Michigan confirms first known human case of hantavirus

The state of Michigan says it has confirmed the first case of hantavirus, a disease passed from rodents to humans, in a woman who was cleaning a vacant home in Washtenaw County.

According to the Michigan Department of Health and Human Services (MDHHS), the state's first confirmed human case of Sin Nombre hantavirus was detected in the state. The MDHHS said the woman who tested positive was likely exposed when she was cleaning an unoccupied dwelling that had signs of an active rodent infestation. The Sin Nombre virus is spread by the deer mouse and white-footed mouse.

Hantavirus was first found in the southwest part of the United States in 1993. The virus causes the hantavirus pulmonary syndrome (HPS) and, since it was first discovered, has been found to infect people throughout the United States and Americas.

The MDHHS said the woman was hospitalized with a serious pulmonary illness but did not state her current condition.

Rodents carry hantavirus and humans are infected when freshly dried contaminated droppings is disturbed and inhaled. It then enters the skin or on mucous membranes when drinking or eating. It can also be transmitted by bites from rodents. The highest risk of exposure happens when entering or cleaning rodent-infested structures.

"HPS is caused by some strains of hantavirus and is a rare but severe and sometimes fatal respiratory disease that can occur one to five weeks after a person has exposure to fresh urine, droppings or saliva from infected rodents," said Dr.
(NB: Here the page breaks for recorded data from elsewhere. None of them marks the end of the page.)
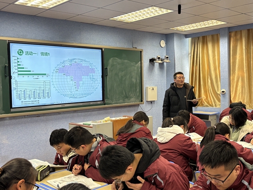 薛迎庆老师讲《人口分布》,似智慧探险家,大数据可视化地图呈现全球人口疏密,对比鲜明。动态模型演绎迁徙轨迹,学生们围站四周,好奇观察,分组探讨影响因素,以手抄报形式总结探究成果,思索人类与地球关系。各小组展示作品,相互学习借鉴。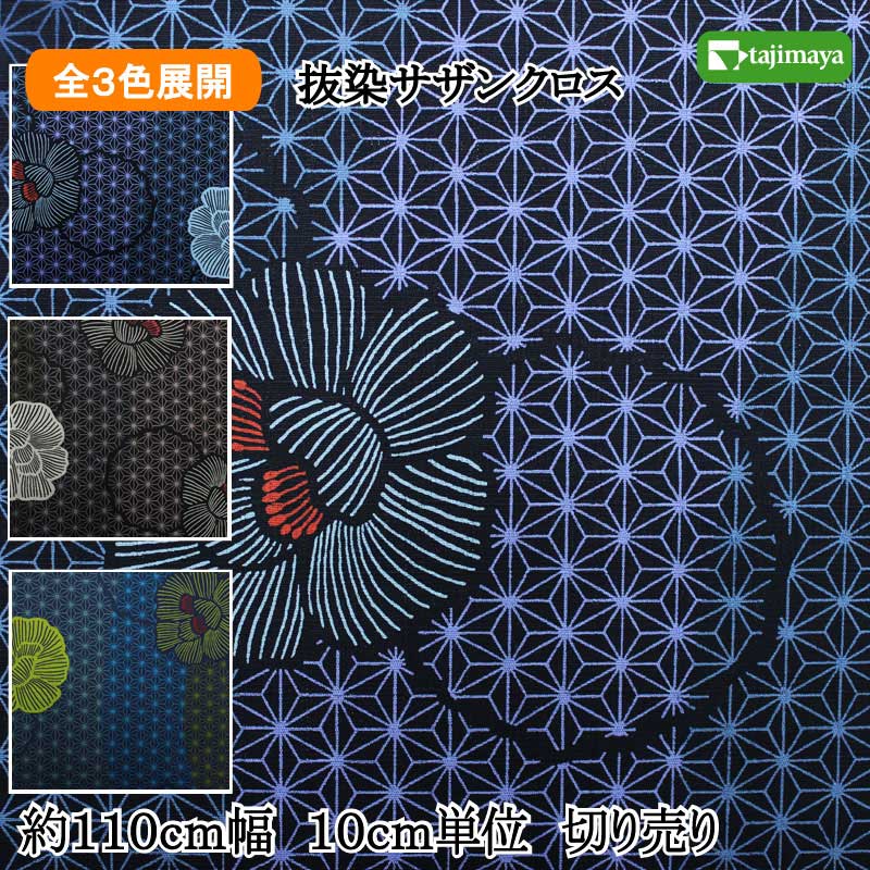和柄 抜染pt 麻の葉地華紋文様 全3色 110cm幅 10cm単位 切り売り【和 生地 布地 和柄生地】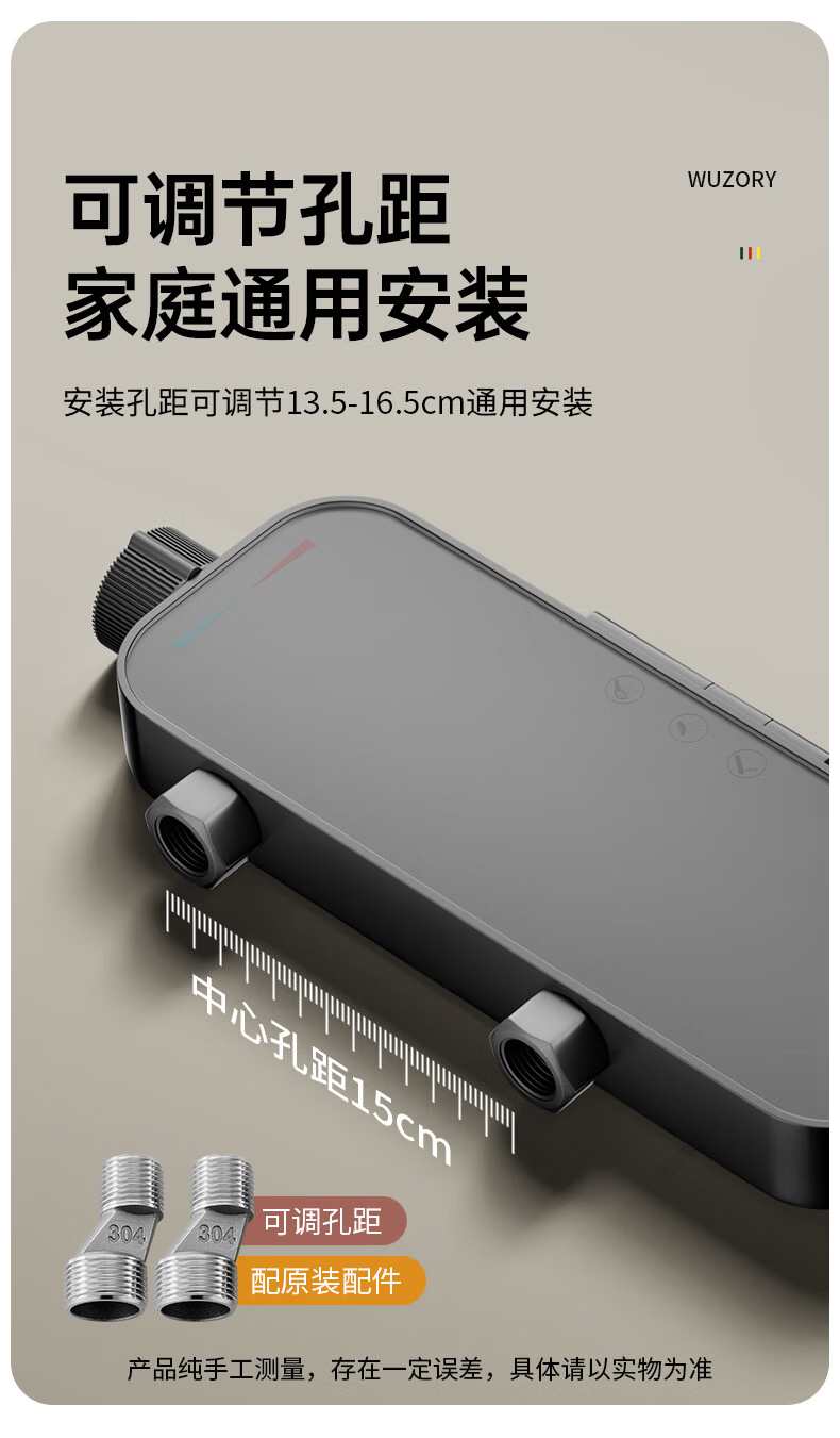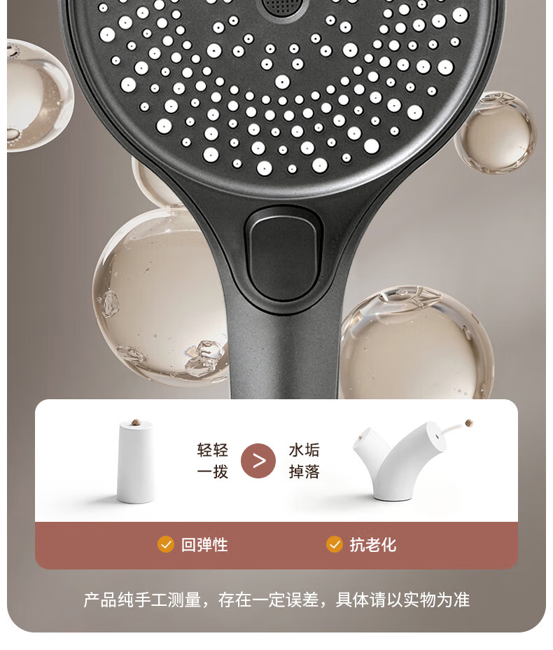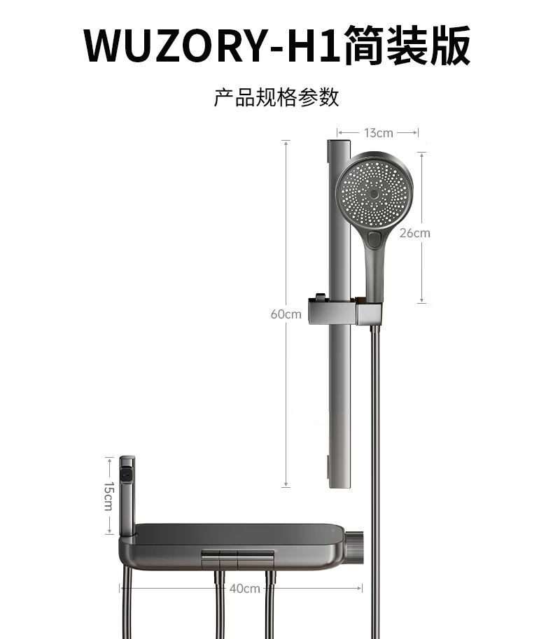 WUZORY【德国】花洒淋浴套装分体式花洒无顶喷浴室淋浴花洒套装卫浴全套 【钛金灰】升降杠套装+圆形手喷 三功能出水丨升级大置物台面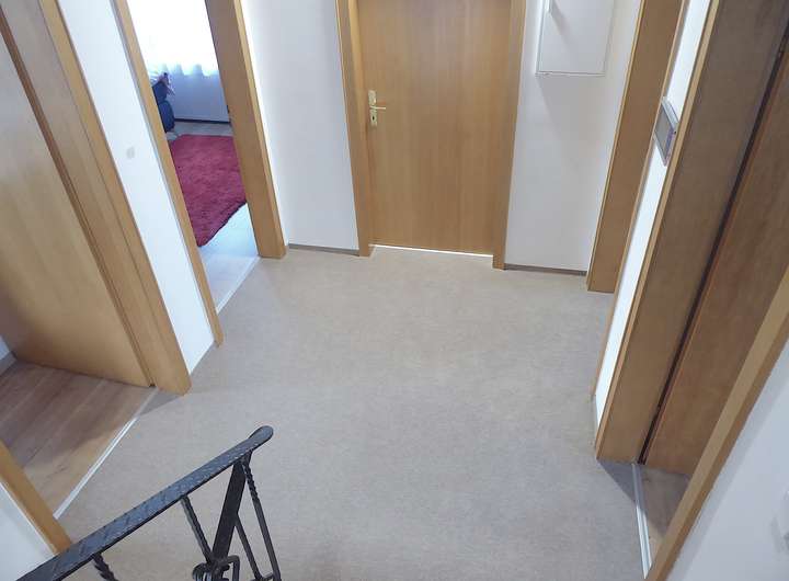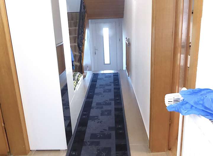 Beim Betreten des Hauses gelangen Sie über zwei Stufen und den überdachten Hauseingang in den einladenden Flur des Erdgeschosses, von dem aus Sie alle Räume dieser Etage bequem erreichen.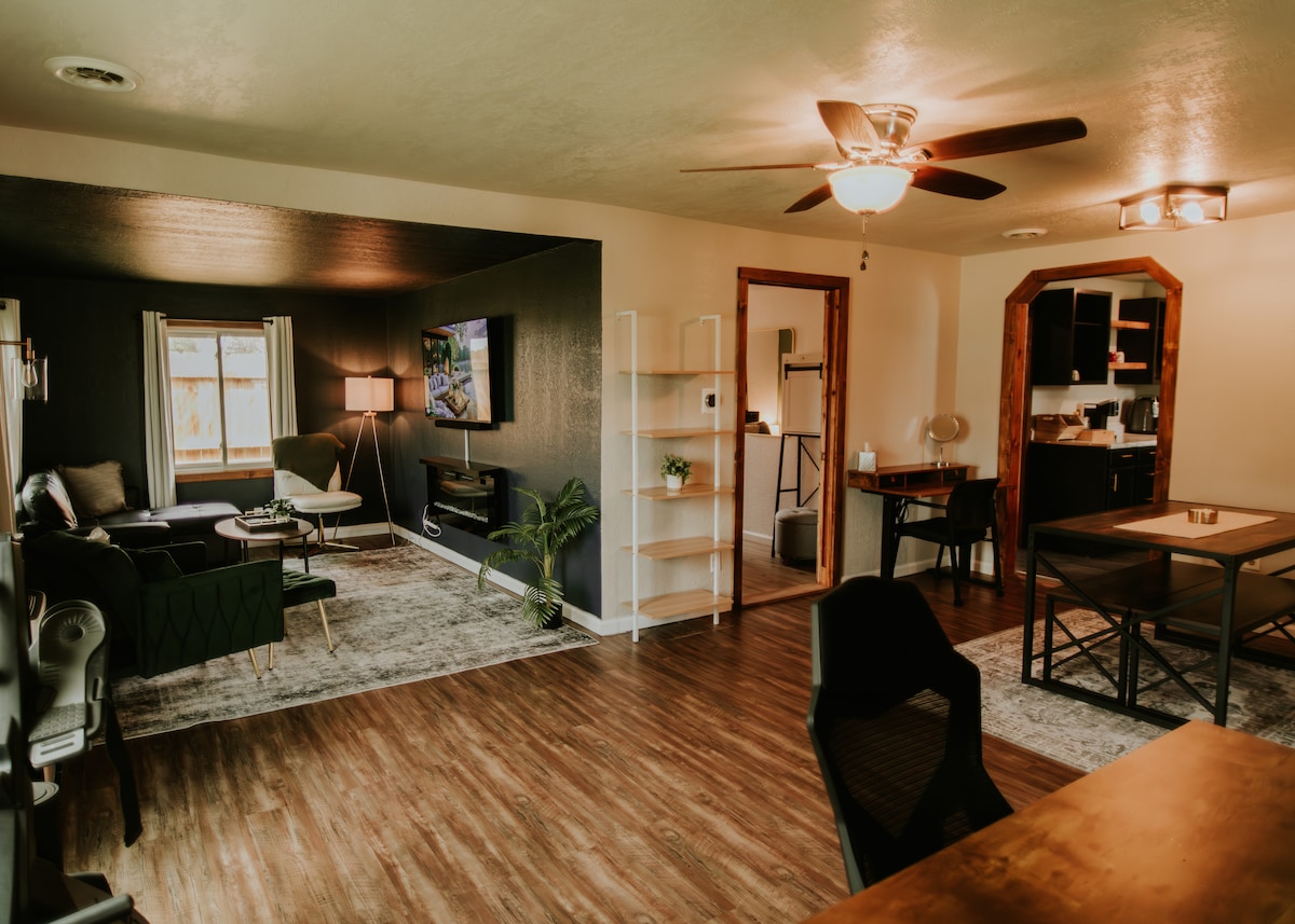 Questa bellissima suite si trova in una posizione privilegiata proprio nel centro della città, a pochi passi da bar, ristoranti, Cops and Doughnuts, negozi, binari per sentieri, parchi e cinema! Adatta per due persone ma abbastanza spaziosa per una piccola famiglia, la East Room dispone di un letto matrimoniale, un divano in pelle, un tavolino, una cucina e un bellissimo bagno. Guarda fuori dalla finestra panoramica per ammirare la Main Street di Clare. Siamo a 17 minuti dal casinò e dalla CMU.

Joneigh Khaldun, chief medical executive and chief deputy for health at MDHHS. "Anyone who comes into contact with rodents that carry hantavirus is at risk for HPS and healthcare providers with a suspect case of hantavirus should contact their local health department to report the case and discuss options for confirmatory testing."

There is no evidence that hantavirus can be passed person-to-person.

Symptoms of HPS can include fever, chills, body aches, headache and gastro-intestinal signs such as nausea, vomiting, diarrhea and abdominal pain. The illness can progress to include coughing and shortness of breath. 

It has a fatality rate of 40%.

How to prevent spreading Hantavirus

Because hantavirus spreads in mouse and rat urine and droppings, you should wear rubber or plastic gloves when cleaning up after signs of a possible rodent infestation.

You should also spray the droppings with a disinfectant or mixture of bleach and water. Get them VERY wet and let them soak for 5 minutes. Then use a paper towel to wipe them up and throw it in the garbage. Then seal the trash bag and put it in another trash bag and dispose of it in a trash can that is regularly emptied.

DO NOT sweep or vacuum mouse or rate urine, droppings, or nrests. This sends virus particles into the air where it's more like to be breathed in.

Once you're done cleaning up, wash your gloved hands with water or spray them with a disinfectant. Then take them off and throw them away. Then wash your hands with soap and water again.

"We can prevent and reduce the risk of hantavirus infection by taking precautions and being alert to the possibility of it," says Dr. Juan Luis Marquez, medical director with Washtenaw County Health Department. "Use rubber, latex, vinyl or nitrile gloves when cleaning areas with rodent infestations, ventilate areas for at least 30 minutes before working, and make sure to wet areas thoroughly with a disinfectant or chlorine solution before cleaning."

Hantaviruses are viruses and are susceptible to most disinfectants (diluted chlorine solutions, detergents, general purpose household disinfectants including those based on phenols, quaternary ammonium compounds and hypochlorite). Depending on environmental conditions, these viruses probably survive less than one week in indoor environments and much shorter periods (hours) when exposed to sunlight outdoors. Special precautions should be taken when cleaning up after rodents. In cases of heavy rodent infestation, it is recommended to consult with a pest-control professional.

How is Hantavirus different from Coronavirus?

The signs and symptoms of both the Hantavirus and Coronavirus (COVID-19) are the very similar - fever, fatigue, coughing, shortness of breath, and muscle pains - are all the most common symptoms of both viruses. They both also have similar additional symptoms including headaches and vomiting and diarrhea. 

But additional symptoms of the hantavirus include dizziness, chills, nausea, and abdominal pain.

The incubation of hantavirus is much longer at 7 to 60 days.

Unlike COVID-19, Hantavirus cannot be transmitted person-to-person.

On average, there are about 20 to 40 cases of hantavirus in the U.S., typically in the west portion of the country. Cases are reported year-round but typically peak in the spring and summer months.